- Born: Morris Weinraub September 12, 1915 New York City, New York, U.S.
- Died: September 8, 2011 (aged 95) Danbury, Connecticut, U.S.
- Occupation: Actor
- Years active: 1937–1955
- Spouse(s): Isabel Jewell (m. 1941; div. 1944) Elinor Brand (m. 1954; div. 1982)
- Children: 4
- Allegiance: United States
- Branch: U.S. Army
- Service years: 1941–1942
- Rank: Private
- Service number: 32172108
- Conflicts: World War II Battle of the Coral Sea;

= Paul Marion (actor) =

American actor (1915–2011)

Morris Weinraub (September 12, 1915 – September 8, 2011), known professionally as Paul Marion (a stage name evidently drawn from the respective given names of his birth- and step-mother), was an American actor, notable for roles in To Have and Have Not (1944), Mysterious Doctor Satan and Captain Midnight.

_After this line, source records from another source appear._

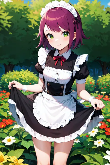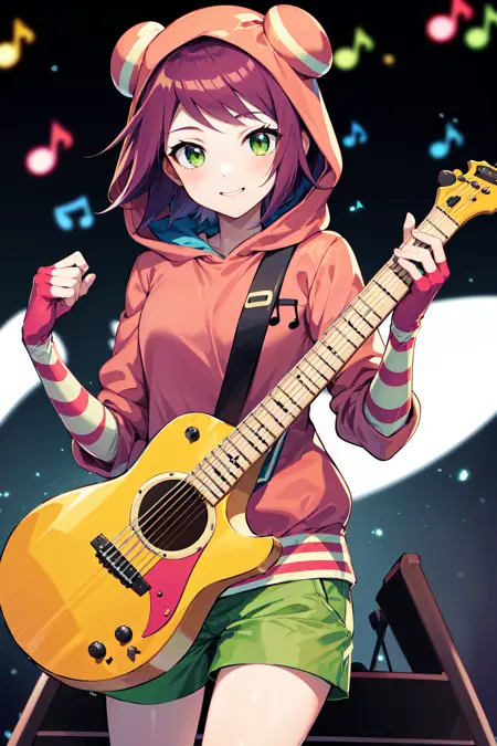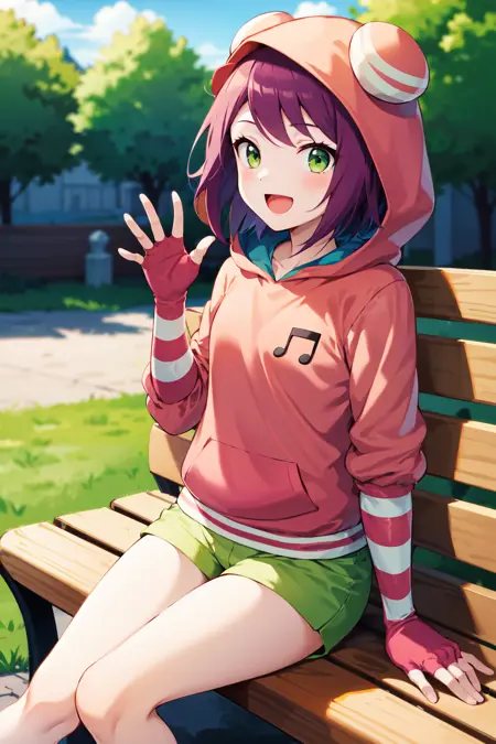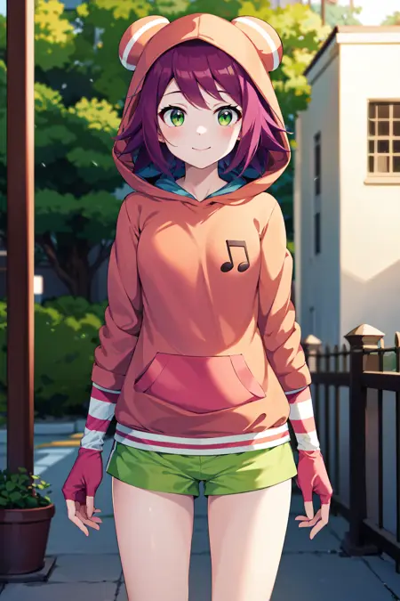아우트핏11girl, solo, short hair, purple hair, green eyes, hood up, pink hoodie, musical note, elbow gloves, striped gloves, fingerless gloves, green shorts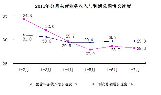 2011年分月主營(yíng)業(yè)務(wù)收入與利潤(rùn)總額增長(zhǎng)速度統(tǒng)計(jì)圖。(國(guó)家統(tǒng)計(jì)局)
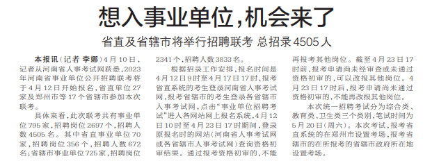 4月10日,记者从河南省人事考试网获悉,2023年河南省事业单位公开招聘联考将于4月12日开始报名,省直单位27家及郑州市等17个省辖市参加本次联考。(今日《郑州日报》2版)
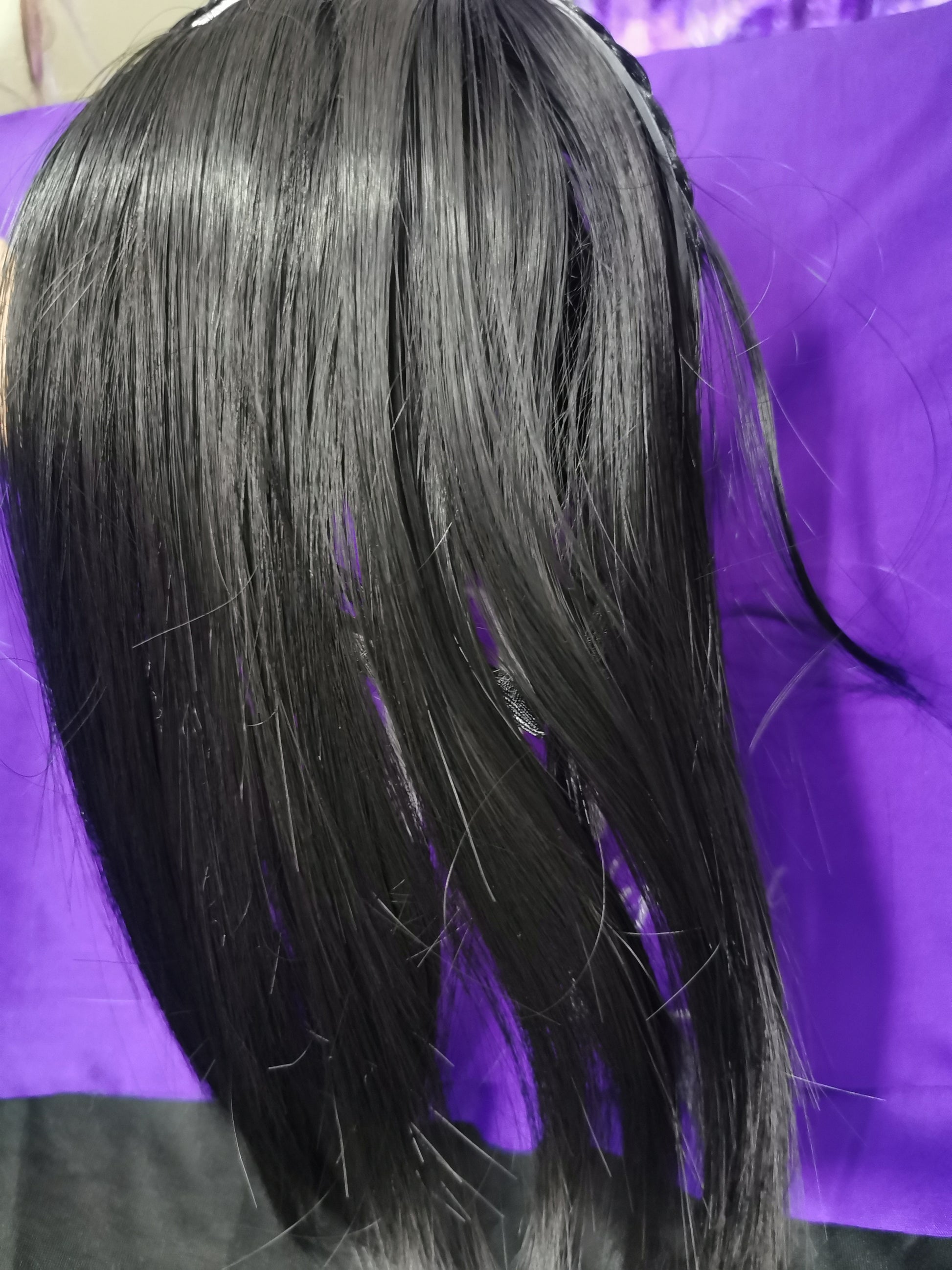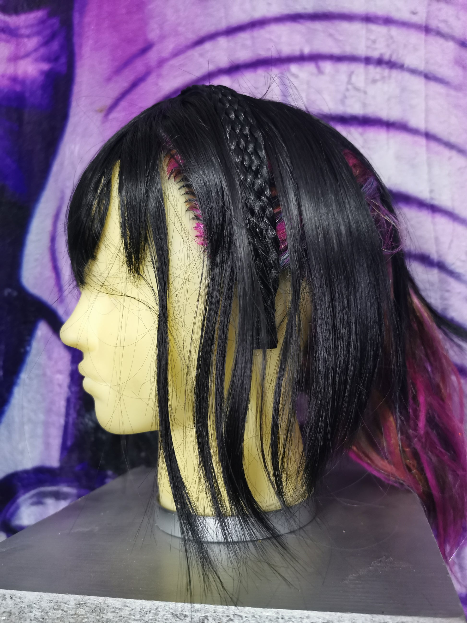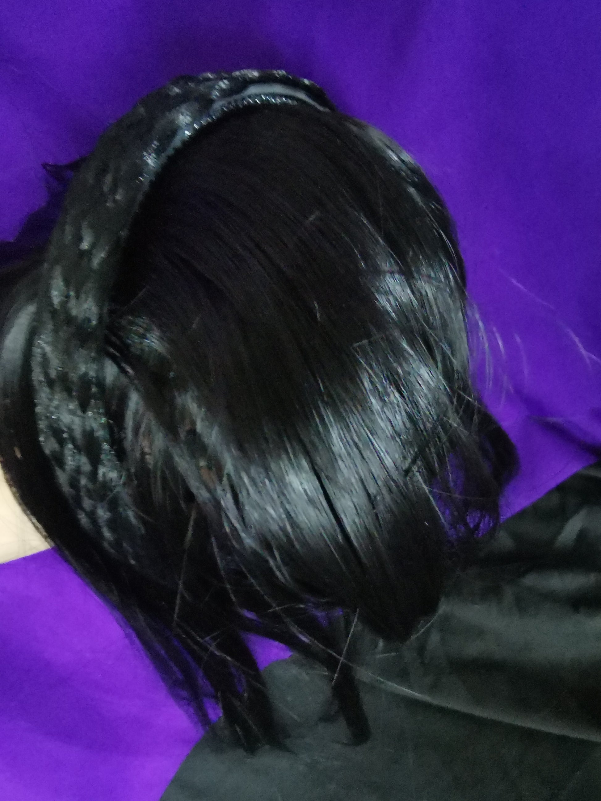 Women Clip in Bangs with Band Straight Hairpiece for Thinning Hair Chignon Black.

== Early life and career ==
Born Morris Weinraub on September 12, 1915, in the Bronx, New York, Marion was the son of Austrian-Jewish immigrants Pauline and William Weinraub.

Marion's Broadway credits include The Eternal Road (1937), Soliloquy (1938), Quiet, Please! (1940), and My Sister Eileen (1940).

In November 1942, the Hollywood Reporter published the recollections of U.S. Army Private Pacific Paul Marion, regarding his 1-year-plus tour of duty, mostly in the Pacific, recently ended due to illness.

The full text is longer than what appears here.